The posterior cruciate ligament’s name tells us what it is: “posterior” because it’s behind the ACL; “cruciate” because it forms an X with the ACL; and “ligament” because it’s a tough, flexible tissue that connects two bones. In this case, the two bones are the femur (thigh bone) and the tibia (one of the two bones in the lower leg). The PCL is the primary stabilizer of the knee.
Torn PCL Injury: How It Happens
A torn PCL happens when the knee or upper leg takes a severe blow—as in a car wreck, when a person’s bent knees are slammed against the dashboard. A torn PCL could also result from a direct blow to the area just below the knee or a fall in sports like football, soccer, baseball, or skiing. The injury also can be caused by a simple misstep.
Any time the knee is hyper-flexed (bent) or hyper-extended (straightened), the possibility of a torn PCL is present. Fortunately, PCL tears account for less than 20 percent of injuries to the knee.
When a tear does occur, it could be an isolated injury, but it’s more likely to be one that involves other ligaments, as well as the meniscus or the surface of bones in the knee.
Torn PCL Symptoms Start with Pain and Swelling
Unlike torn ACLs, the person who suffers a PCL tear does not hear a popping sound. The symptoms are pain (possibly in the back of the knee); a limp or difficulty in putting weight on the knee; swelling that occurs quickly because of internal bleeding; and a sense that the unstable knee may buckle. Instability may be a symptom of a PCL injury that occurred months or years before getting a diagnosis from a doctor.
Some people with a torn PCL may not seek medical attention at all. If they’re lucky, the PCL heals itself. If not, instability later on may be a sign that it’s time to get medical attention.
PRICE Is the Immediate Treatment
Immediate treatment for a torn PCL is similar to that of any acute joint injury.

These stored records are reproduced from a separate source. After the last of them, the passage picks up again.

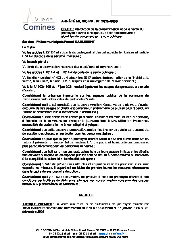Interdiction de la consommation et de la vente du protoxyde d'azote ainsi que du dépôt des cartouches aluminium le contenant sur la voie publique du 01/01 au 31/12/2026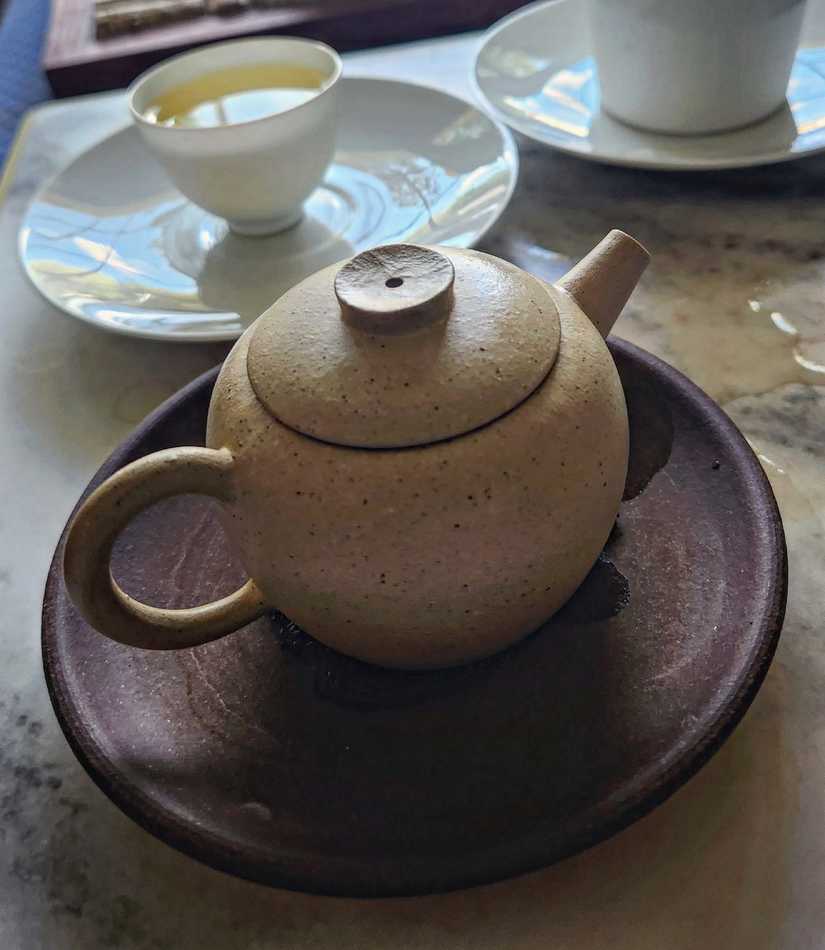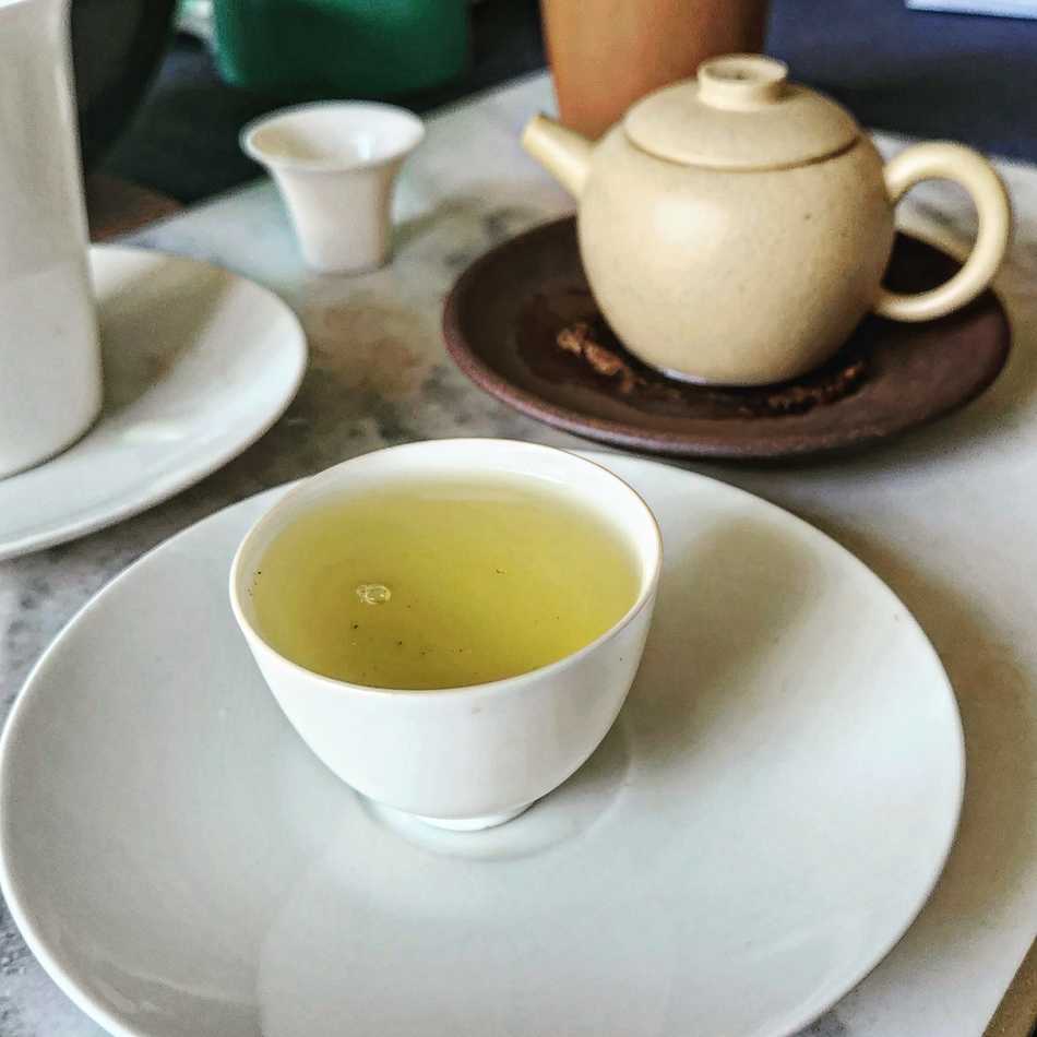 The first green was a JinXuan that was all about umami and fresh peas, and the second one was a different cultivar that was much fruitier and cooler, more about the long aftertaste.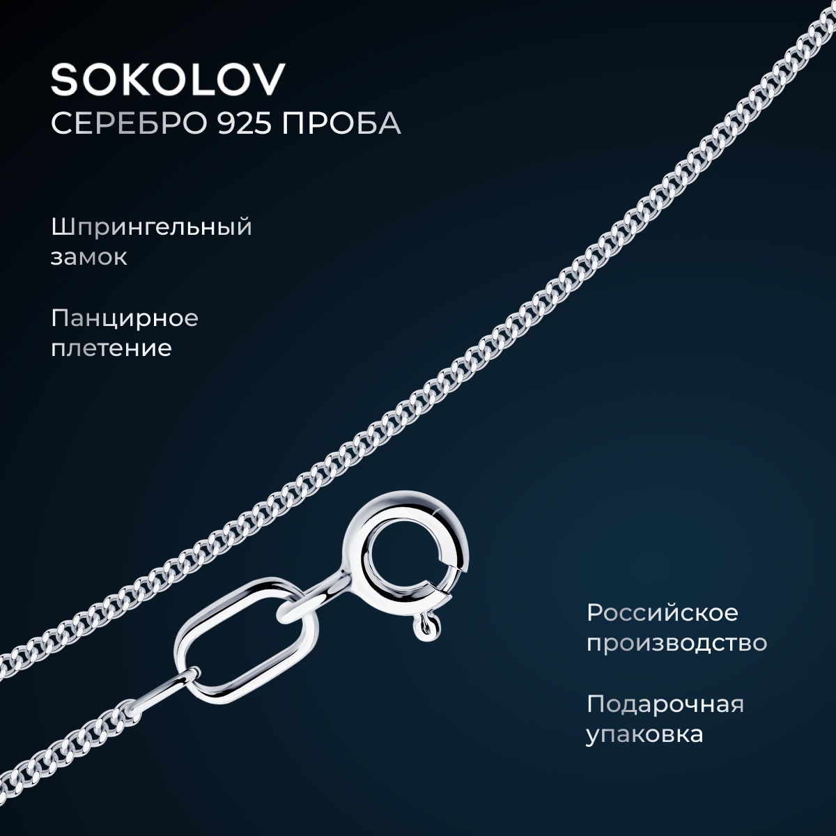 Цепь SOKOLOV, серебро, 925 проба, родирование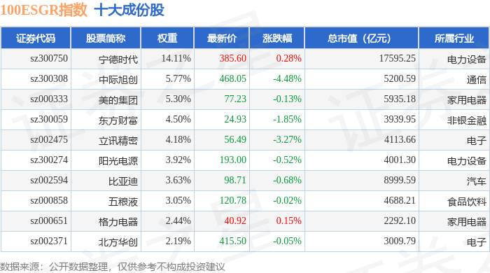 资金流向方面,100ESGR(470027)指数成份股当日主力资金净流出合计119.11亿元,游资资金净流入合计35.16亿元,散户资金净流入合计83.96亿元。成份股资金流向详情见下表: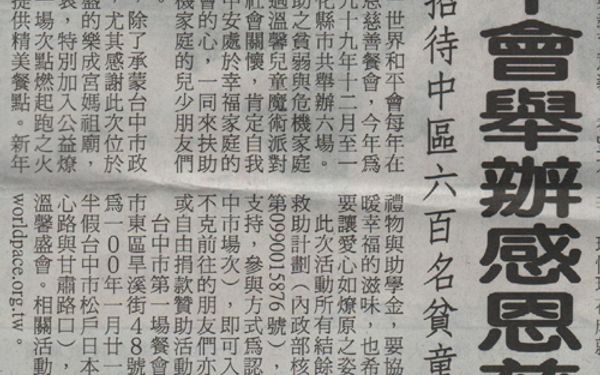 【少年中國晨報電子報報導】搶救危機兒 世界和平會辦慈善餐會搶救危機兒 世界和平會辦慈善餐會 少年中國晨報電子報/99.12.18/陳儀鐸、鐘登國/台中 世界和平會每年在歲末迎新之際,皆會舉辦感恩慈善餐會,今年為第6年於中部地區辦理,自99年12月至100年元月底於台中縣市、彰化縣市共舉辦6場。活動中邀請本會中部地區受助之貧弱與危機家庭學童免費用餐同樂,希望透過溫馨兒童魔術派對餐會的方式,讓孩子們感受社會關懷,肯定自我,鼓舞向上,同時鼓勵社會中安處於幸福家庭的善心人,本著關懷與回饋社會的心,一同來扶助正處於發展階段的貧弱與危機家庭的兒少朋友們,給予他們持續前進的力量。今年本活動台中市第一場,除了承蒙台中市政府與社會各界鼎力協助以外,尤其感謝此次位於台中市東區三級古蹟香火鼎盛的樂成宮媽祖廟,一本宗教慈憫觀照眾生的初衷,特別加入公益燎原的傳遞薪火,從台中市第一場次點燃起跑之火,大力支持本次餐會活動,提供精美餐點。新年禮物與助學金,要協助更多貧弱的孩子,品嚐溫暖幸福的滋味,也希望藉此喚起更多星星之火,要讓愛心如燎原之姿,盡力擴散,無遠弗屆。本次活動所有結餘將全數捐助「搶救危機兒」救助計劃(內政部核准公益勸募字號:內授中社字第0990015876號),同時歡迎社會大眾共同參與支持,參與方式為認購愛心餐券每張500元(台中市場次),即可入場與孩子們一起用餐同樂,不克前往的朋友們亦可認捐愛心餐券予貧童用餐或自由捐款贊助本活動。台中市第一場餐會時間為99年12月17日(週五)晚間6點至8點半假台中市樂成宮(台中市東區旱溪街48號),台中市第二場餐會時間為100年1月21日(週五)晚間6點至8點半假台中市松戶日本料理國際宴會館(台中市文心路與甘肅路口),誠摯邀請大家一同參與這場溫馨盛會。相關活動訊息請查詢網站:http://www.worldpeace.org.tw

Remember the acronym “PRICE”:
If pain persists more than a few days, it’s important to see a physician.
The doctor will ask how the injury occurred, conduct physical tests to determine the knee’s stability and strength, and probably order x-rays and a MRI. X-rays show whether bone damage has occurred. MRIs produce images of soft tissue damage and determine the exact location of the injury. They have been demonstrated to be near 100 percent accurate in diagnosing PCL injuries.
Torn PCL Grades
PCL tears are classified according to grades established by the American Academy of Orthopaedic Surgeons.
- Grade 1: Mild damage; ligament slightly stretched, but stable
- Grade 2: A partial tear; ligament stretched to be point of being loose
- Grade 3: Complete tear of the PCL ligament into two pieces; unstable joint
Isolated PCL Tears Seldom Require Surgery
If a torn PCL is an isolated injury, it seldom requires surgery. You can recover with crutches (at first) to limit pain; with rehabilitation exercises to strengthen the quadriceps and hamstring muscles; and with a knee brace designed specifically for a PCL injury (not a simple compression sleeve available at a retail store or pharmacy).
If a PCL tear is combined with other knee damage, surgery is almost always recommended. A completely torn PCL has to be rebuilt using a graft of tissue from your own body or from a human donor (cadaver).
Recovery from non-surgical treatment takes about six to eight weeks, and you can return not only to normal activities but to sports activities as well.
After PCL reconstruction, you’ll need six to 12 months for recovery. Elite and recreational athletes may be advised to wear a knee brace or modify their physical activities.
Good News, Bad News, Good News
The posterior cruciate ligament is strong and not likely to tear. If it happens, it will probably heal by itself or with physical therapy, and without surgery. Even when surgery is necessary, a well-designed rehabilitation program will allow you to return to your normal lifestyle.